In a new article on the NRO homepage yesterday morning, Andy McCarthy responded to my critique (and to my follow-up response to Mark Steyn’s intervention) of his original article from last Saturday (phew! got that?), in which he argued that the origination clause of Article I, section 7 does two things: A) it applies to appropriations or spending measures as well as tax legislation; and B) it poses a constitutional barrier to the Senate funding Obamacare inasmuch as the House, in originating the continuing resolution for funding the government, omitted any spending on Obamacare.
As I argued in both my posts, Brother McCarthy is wrong on both counts. To deal with claim A: the clause begins by saying that “All Bills for raising Revenue shall originate in the House of Representatives,” and appropriations or spending bills fall outside the category “bills for raising revenue.” They don’t raise revenue; they spend it.
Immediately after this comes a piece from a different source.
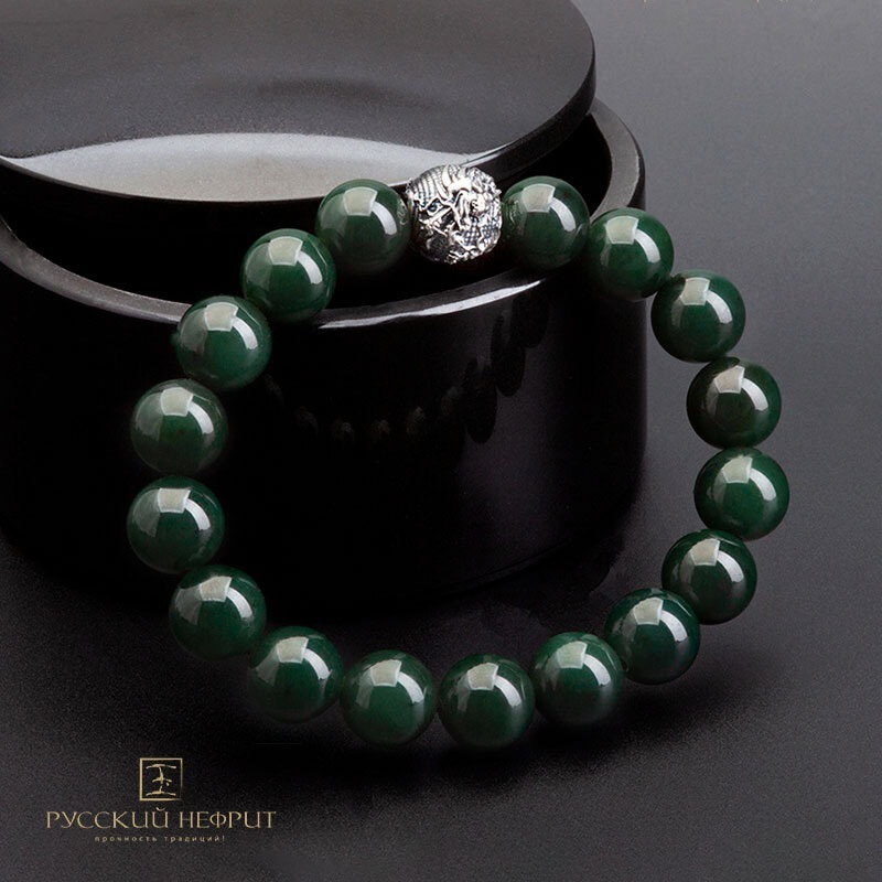 Браслет Дракон из тёмно-зелёного нефрита. Д 12мм.

In his latest article, Andy has omitted any further defense of claim B, and has instead dug in on claim A, that a larger genus of “money bills” that includes the two species of taxes and spending was intended by the clause to be exclusively the province of the House to originate. Andy is right to note that at the Philadelphia convention, there are repeated references to “money bills” nearly every time some draft version of the clause is under consideration. (The course of those debates can be seen here.) But the view that all tax and appropriations bills must originate in the House, and the further view that the Senate should not even be able to amend them, were distinctly in the minority at Philadelphia. Elbridge Gerry, who is Andy’s hero in this tale, kept banging on these issues every chance he got for weeks on end, and all he got was one quarter of his objective. That is, he got no limit on the Senate’s power to amend, and got only tax bills and not spending bills into the text of the clause finally written.
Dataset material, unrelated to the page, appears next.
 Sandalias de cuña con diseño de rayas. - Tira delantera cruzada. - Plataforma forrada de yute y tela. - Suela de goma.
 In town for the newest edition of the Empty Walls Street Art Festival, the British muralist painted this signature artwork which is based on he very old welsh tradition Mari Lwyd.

Not only does the parliamentarian of the House of Representatives itself take my view of the matter, so does one of the sources on which Andy relies in his latest. (I leave aside the Annenberg Institute for Civics, a carelessly and anonymously written source, as no help at all.) Andy quotes the opening line of the entry on the origination clause in the Heritage Guide to the Constitution, by Professor Erik Jensen of Case Western’s law school, but he should have read further. Jensen writes:
The final version of the clause was much weaker than the form proposed by Elbridge Gerry of Massachusetts, which would have required all “money bills” (including appropriations) to originate in the House and would have given the Senate no power to amend. Gerry feared that the Senate would become an aristocratic body because of its small size, its selection by legislatures rather than by election, and its six-year term of office. “It was a maxim,” he said, “that the people ought to hold the purse-strings.”
The strongest proponents of national power opposed the clause in any form. As James Wilson of Pennsylvania explained at the Convention, “If both branches were to say yes or no, it was of little consequence which should say yes or no first.” What survived the contentious debates was closer to Wilson’s vision than to Gerry’s. The clause was restricted to bills for raising revenue, and the Senate was given the amendment power (which, Gerry thought, gutted the provision of any real effect).
It is noteworthy that Elbridge Gerry refused to sign the Constitution at the close of the convention (one of just three delegates present to the end who so declined). I doubt the origination clause’s “gutting” is solely what pushed him over into the refusenik camp. But he lost a lot of arguments, and this was one of them. It won’t do for Andy to claim that he won.